After transmissibility of kuru was discovered (1) the epidemiologic phenomenon was explained by the spread of an infectious agent through the practice of cannibalism, with the pattern of kuru distribution continuing to suggest a role for genetic predisposition (30). A study of erythrocyte antigens and serum proteins in representative groups of local populations was conducted. The extremely polymorphic group-specific component (Gc) system was widely used. The rare Australian Gc variant GcAborigine (GcAb) has a single-nucleotide alteration in the second position of α-2-globulin codon 429 resulting in an electrophoretically distinguishable pattern (31). The GcAb allele occurs with an extremely high frequency in the kuru region, the highest in the North and South Fore (10%–24%), Keiagana (24%), Gimi (10%–21%), and Auyana (16%) groups. The distant second highest frequency of the GcAb allele was observed in Australian aborigines (5%–8%). Kuru patients possess the GcAb allele more often than the general population (32, 33); overall, 38.6% of kuru patients from kuru-affected areas carried at least one GcAb allele, and the calculated risk of contracting kuru for the GcAb-Ab genotype carrier was 6.14:1 (33). The results describing the prevalence of the GcAb-Ab genotype in kuru patients are very difficult to interpret; it is possible that the 4q12 locus harbors an unknown gene whose product may interact with PrP or be indirectly responsible for an increased susceptibility to kuru.

The role of genetically determined susceptibility to kuru was reevaluated after the human gene coding for PrP PRNP was cloned and characterized. Multiple mutations in the PRNP gene have been linked to various phenotypes of hereditary, sporadic, and iatrogenic CJD (25, 26). An incidental finding indicating that 2 kuru patients were homozygous at position 129 of the PRNP gene was reported (34) and subsequently confirmed (35), prompting further research on the susceptibility to kuru.
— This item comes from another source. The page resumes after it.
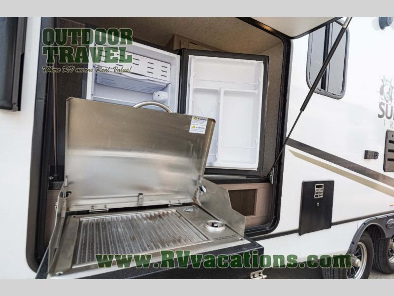 With any Sunset Trail travel trailer by CrossRoads RV, the interior offers a stainless steel farmhouse single bowl sink with a cover, solid surface countertops in the kitchen, a 12 volt refrigerator, USB ports in the bedroom and main area, and a Connexx entertainment TV with soundbar for inside enjoyment. Also included is the Extreme Weather package with maximum insulation with reflective foil, a 30,000 BTU furnace, and a 2" heat duct in the enclosed underbelly for four seasons of traveling. And the Blade Air system offers 20% more airflow and re-engineered components on the A/C. The HyperDeck flooring is water resistant, fiberglass reinforced and has polypropylene layers. Make your lightweight and comfortable RV decision today!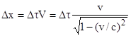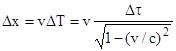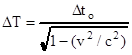 где ΔТ это наблюдаемое в системе К время между двумя вспышками, определенное с помощью преобразования Лоренца

A population-based study in kuru-affected areas of New Guinea was carried out using specimens collected at several points of the kuru epidemic. DNA was recovered from frozen brain tissue, brain suspensions previously used in transmission studies, blood clots, serum samples, and other tissues stored in tissue banks (24, 36). The Kuru Registry book containing information on each kuru patient and the general population of the kuru-affected areas that was started in 1957 (D. Carleton Gajdusek) and continued into the 1990s provided precious medical information about individuals who did and did not develop kuru throughout the epidemic. Kuru patients identified and examined in Fore villages in 1957 through 1959, at the time of the highest kuru incidence, and patients diagnosed during the later stage (1964–1988) were separately studied (37) and compared with controls from within and outside kuru-affected villages.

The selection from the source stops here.